# [HOW TO COMPLETE THIS TASK]
Copy word for word the lines of the records below, beginning at the one with "The selected modules" and finishing at the one with "وقال تلفزيون إن", ends included, but none of the pictures.

# [DATASET EXTRACT]
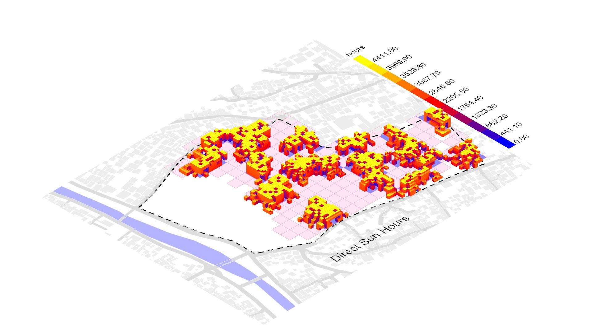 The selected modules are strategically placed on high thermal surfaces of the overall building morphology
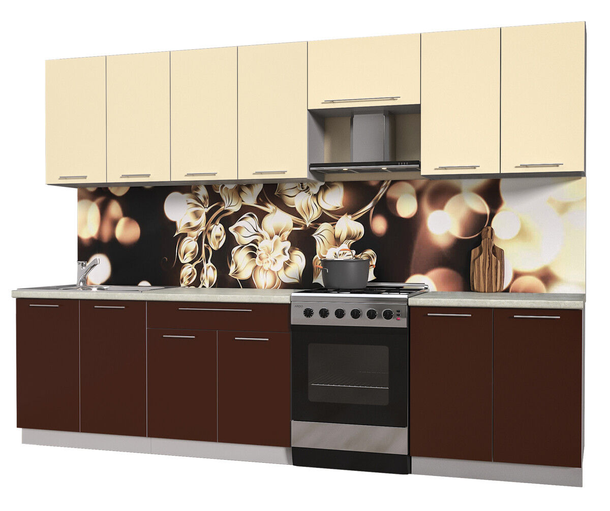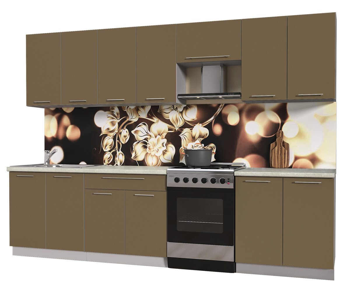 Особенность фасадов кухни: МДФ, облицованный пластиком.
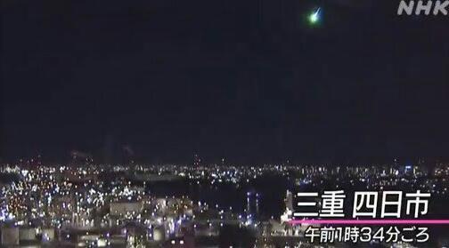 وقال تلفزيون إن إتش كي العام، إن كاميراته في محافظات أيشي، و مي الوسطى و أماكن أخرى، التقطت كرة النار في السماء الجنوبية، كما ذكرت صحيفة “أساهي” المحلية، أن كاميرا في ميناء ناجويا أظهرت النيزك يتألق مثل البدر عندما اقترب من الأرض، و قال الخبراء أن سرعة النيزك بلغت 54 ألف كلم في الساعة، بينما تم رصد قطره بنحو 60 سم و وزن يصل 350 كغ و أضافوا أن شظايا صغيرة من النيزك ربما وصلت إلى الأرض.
--
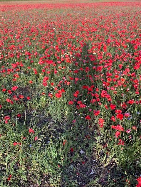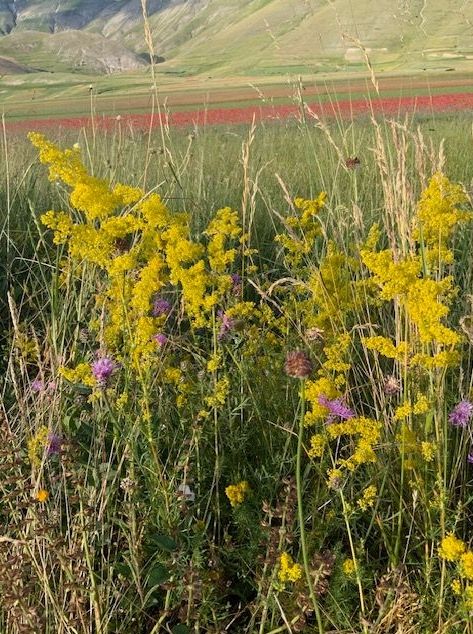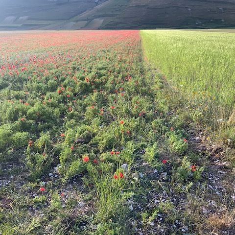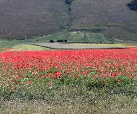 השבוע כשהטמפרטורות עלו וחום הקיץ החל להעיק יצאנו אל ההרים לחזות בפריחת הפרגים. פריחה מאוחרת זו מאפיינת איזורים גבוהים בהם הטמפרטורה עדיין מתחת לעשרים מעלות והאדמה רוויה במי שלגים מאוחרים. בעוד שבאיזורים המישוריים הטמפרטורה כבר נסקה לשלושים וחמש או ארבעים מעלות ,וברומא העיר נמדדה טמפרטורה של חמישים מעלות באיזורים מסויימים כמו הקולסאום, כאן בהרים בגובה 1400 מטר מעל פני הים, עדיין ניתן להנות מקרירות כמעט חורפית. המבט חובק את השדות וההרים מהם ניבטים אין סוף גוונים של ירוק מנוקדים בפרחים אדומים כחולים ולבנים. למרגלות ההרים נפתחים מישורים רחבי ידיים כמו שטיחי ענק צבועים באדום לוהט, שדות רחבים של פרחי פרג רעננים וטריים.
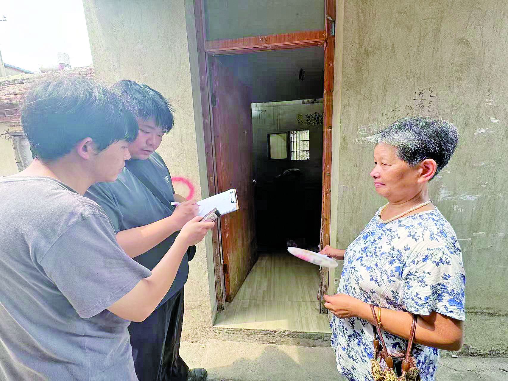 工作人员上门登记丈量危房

# [ANSWER FOR THE TASK]
 The selected modules are strategically placed on high thermal surfaces of the overall building morphology
 Особенность фасадов кухни: МДФ, облицованный пластиком.
 وقال تلفزيون إن إتش كي العام، إن كاميراته في محافظات أيشي، و مي الوسطى و أماكن أخرى، التقطت كرة النار في السماء الجنوبية، كما ذكرت صحيفة “أساهي” المحلية، أن كاميرا في ميناء ناجويا أظهرت النيزك يتألق مثل البدر عندما اقترب من الأرض، و قال الخبراء أن سرعة النيزك بلغت 54 ألف كلم في الساعة، بينما تم رصد قطره بنحو 60 سم و وزن يصل 350 كغ و أضافوا أن شظايا صغيرة من النيزك ربما وصلت إلى الأرض.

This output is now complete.